Picture of the Month

Author Affiliations

From the Departments of Pediatrics (Drs Bryk and Weizman), Pediatric Surgery (Dr Kurzbart), Radiology (Dr Shulman), and Pathology (Dr Maor), Soroka Medical Center, Ben-Gurion University of the Negev, Beer-Sheva, Israel, and the Department of Pediatrics, The Children's Hospital of Philadelphia (Pa) (Dr Tunnessen).
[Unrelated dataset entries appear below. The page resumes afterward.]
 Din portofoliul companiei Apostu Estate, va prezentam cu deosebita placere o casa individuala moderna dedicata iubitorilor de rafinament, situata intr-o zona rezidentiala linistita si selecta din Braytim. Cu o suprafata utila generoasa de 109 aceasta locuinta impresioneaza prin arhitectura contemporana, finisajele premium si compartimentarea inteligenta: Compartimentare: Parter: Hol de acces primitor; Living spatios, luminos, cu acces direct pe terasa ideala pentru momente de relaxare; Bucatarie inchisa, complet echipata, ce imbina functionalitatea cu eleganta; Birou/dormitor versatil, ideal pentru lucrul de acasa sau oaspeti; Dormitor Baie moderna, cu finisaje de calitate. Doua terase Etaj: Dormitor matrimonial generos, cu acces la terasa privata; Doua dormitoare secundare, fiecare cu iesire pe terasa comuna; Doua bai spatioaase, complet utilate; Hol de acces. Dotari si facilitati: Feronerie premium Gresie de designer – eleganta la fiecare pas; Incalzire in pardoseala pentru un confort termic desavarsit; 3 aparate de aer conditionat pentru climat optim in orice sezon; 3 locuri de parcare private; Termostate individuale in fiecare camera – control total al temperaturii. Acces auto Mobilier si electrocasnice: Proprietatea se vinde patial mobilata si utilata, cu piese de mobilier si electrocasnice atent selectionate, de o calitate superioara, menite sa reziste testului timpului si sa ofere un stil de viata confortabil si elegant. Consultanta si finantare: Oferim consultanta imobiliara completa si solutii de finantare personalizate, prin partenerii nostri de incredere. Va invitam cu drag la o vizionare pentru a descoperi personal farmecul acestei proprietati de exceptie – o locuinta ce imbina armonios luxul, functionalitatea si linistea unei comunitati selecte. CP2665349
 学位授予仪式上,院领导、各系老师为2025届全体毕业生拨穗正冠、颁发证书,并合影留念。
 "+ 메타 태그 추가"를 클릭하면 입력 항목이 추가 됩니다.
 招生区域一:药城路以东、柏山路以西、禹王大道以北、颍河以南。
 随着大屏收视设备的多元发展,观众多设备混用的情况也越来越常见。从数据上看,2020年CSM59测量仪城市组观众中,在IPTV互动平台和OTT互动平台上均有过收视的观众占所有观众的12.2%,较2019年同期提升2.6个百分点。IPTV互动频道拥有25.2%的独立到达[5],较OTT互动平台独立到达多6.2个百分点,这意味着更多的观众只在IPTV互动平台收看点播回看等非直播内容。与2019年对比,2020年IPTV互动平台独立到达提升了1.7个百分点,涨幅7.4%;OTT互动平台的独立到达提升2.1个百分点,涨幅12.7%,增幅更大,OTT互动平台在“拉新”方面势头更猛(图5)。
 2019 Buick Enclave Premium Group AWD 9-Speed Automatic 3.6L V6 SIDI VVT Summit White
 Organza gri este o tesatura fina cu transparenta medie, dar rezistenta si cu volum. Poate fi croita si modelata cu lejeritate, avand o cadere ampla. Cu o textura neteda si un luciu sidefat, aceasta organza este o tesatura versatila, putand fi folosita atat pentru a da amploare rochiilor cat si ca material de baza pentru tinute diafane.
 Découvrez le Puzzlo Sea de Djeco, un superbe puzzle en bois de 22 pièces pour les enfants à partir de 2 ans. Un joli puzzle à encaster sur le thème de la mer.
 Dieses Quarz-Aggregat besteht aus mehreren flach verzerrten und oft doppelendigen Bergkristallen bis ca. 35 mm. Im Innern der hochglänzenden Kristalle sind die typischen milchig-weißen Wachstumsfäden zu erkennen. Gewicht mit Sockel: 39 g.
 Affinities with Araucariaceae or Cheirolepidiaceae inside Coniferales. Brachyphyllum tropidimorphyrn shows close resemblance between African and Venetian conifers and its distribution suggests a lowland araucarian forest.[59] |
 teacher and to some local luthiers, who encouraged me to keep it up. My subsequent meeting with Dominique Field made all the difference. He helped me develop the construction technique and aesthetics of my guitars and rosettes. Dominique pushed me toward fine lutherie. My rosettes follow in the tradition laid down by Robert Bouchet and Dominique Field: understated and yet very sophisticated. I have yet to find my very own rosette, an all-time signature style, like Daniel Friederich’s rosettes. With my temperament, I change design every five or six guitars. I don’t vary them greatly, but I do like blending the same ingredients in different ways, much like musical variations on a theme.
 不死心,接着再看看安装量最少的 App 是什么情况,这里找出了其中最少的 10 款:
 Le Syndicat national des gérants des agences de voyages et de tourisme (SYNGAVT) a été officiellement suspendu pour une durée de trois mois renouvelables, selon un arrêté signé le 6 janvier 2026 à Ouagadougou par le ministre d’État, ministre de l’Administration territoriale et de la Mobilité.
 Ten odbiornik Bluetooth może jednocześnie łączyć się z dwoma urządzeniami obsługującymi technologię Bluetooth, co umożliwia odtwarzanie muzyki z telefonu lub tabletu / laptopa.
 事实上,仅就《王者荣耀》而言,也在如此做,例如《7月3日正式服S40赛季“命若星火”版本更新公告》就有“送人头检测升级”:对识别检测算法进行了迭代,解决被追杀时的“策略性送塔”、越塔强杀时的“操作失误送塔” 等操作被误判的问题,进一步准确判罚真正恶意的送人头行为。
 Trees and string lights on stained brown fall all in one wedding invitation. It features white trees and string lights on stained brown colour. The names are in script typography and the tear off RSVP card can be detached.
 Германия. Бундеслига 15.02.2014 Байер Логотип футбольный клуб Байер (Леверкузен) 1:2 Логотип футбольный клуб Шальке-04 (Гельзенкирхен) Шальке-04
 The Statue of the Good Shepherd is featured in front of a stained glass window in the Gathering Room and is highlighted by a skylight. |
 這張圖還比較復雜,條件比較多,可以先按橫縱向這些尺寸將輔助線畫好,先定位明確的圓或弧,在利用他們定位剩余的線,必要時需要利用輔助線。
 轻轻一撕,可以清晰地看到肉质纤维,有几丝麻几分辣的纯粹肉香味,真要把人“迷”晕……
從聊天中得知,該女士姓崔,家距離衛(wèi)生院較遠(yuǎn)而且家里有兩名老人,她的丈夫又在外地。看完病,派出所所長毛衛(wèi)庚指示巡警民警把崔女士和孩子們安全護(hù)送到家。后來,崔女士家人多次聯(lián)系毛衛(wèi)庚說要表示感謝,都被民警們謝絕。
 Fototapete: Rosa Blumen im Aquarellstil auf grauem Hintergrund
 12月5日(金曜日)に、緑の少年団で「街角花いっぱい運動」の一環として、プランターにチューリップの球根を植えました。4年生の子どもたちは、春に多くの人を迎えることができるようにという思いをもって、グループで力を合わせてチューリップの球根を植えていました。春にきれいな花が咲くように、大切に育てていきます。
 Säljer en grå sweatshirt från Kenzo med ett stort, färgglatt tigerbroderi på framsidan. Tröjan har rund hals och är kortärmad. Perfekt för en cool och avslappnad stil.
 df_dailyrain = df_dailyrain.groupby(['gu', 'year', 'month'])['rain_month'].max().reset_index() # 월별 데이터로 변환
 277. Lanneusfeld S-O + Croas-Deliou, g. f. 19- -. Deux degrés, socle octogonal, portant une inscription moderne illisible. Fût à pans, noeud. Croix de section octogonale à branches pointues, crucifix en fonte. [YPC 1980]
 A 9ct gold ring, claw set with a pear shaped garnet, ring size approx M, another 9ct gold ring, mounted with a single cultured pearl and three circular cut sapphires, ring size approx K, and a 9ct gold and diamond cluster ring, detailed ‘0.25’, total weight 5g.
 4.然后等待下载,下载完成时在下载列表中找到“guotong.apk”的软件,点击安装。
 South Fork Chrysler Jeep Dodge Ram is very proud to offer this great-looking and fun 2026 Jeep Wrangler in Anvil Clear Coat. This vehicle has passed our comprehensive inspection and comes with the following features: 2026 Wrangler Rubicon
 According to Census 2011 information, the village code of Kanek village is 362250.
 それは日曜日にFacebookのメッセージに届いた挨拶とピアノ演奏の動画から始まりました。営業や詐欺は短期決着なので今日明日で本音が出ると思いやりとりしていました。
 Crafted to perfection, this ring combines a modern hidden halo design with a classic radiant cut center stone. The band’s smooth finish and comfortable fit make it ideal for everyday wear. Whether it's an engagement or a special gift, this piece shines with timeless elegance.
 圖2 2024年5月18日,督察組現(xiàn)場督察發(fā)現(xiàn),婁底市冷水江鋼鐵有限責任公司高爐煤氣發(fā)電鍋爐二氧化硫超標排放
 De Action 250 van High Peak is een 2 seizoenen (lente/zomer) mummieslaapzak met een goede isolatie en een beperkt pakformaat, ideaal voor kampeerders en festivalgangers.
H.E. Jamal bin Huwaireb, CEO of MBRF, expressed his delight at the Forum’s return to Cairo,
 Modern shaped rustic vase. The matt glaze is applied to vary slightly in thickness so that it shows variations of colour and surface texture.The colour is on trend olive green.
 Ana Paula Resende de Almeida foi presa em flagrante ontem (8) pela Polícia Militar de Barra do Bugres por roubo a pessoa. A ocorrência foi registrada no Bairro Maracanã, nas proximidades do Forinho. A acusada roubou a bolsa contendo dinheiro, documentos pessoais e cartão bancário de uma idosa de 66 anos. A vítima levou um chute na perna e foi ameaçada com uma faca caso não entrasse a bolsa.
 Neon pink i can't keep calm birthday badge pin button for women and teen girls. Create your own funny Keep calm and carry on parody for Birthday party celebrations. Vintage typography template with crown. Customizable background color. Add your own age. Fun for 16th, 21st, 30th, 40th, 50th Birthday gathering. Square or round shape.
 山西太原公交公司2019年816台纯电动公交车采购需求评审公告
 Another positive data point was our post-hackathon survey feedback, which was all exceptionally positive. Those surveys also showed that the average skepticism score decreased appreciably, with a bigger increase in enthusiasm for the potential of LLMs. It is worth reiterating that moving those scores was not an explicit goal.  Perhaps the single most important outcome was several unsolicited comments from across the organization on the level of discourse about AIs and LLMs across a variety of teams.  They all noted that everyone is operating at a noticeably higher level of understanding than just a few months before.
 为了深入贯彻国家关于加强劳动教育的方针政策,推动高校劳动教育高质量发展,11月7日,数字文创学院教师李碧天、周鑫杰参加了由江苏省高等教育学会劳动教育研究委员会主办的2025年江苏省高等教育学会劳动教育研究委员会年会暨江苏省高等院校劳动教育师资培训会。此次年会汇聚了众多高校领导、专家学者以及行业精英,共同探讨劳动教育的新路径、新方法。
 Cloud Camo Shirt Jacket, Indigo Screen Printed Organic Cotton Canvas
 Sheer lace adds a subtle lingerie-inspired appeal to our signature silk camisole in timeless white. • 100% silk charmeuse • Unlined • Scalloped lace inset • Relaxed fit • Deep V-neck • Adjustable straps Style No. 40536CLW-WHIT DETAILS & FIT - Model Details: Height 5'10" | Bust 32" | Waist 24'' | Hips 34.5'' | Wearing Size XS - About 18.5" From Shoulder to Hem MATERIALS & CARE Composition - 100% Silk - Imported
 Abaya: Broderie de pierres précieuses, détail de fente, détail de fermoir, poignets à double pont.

Arch Pediatr Adolesc Med. 1995;149(2):197-198. doi:10.1001/archpedi.1995.02170140079013

A 9-MONTH-OLD boy was referred for evaluation of severe perianal disease and suspected sexual abuse. The relevant medical history was unremarkable except for chronic, recurring diarrhea. On physical examination, the infant was pale, ill-looking, and malnourished. Severe perianal inflammation was present along with anal fissures and skin tags (Figure 1). Diarrheal stool with mucus and streaks of blood was passed. Significant laboratory data included a hemoglobin level of 9.5 g/dL, white blood cell count of 26.0×109/L, erythrocyte sedimentation rate of 85 mm/h, and a stool smear showing a large number of leukocytes. Stool specimens for culture and parasite examination were negative. A barium enema (Figure 2) and, eventually, a colectomy (Figure 3) were performed. A microscopic section of the colon is shown in Figure 4.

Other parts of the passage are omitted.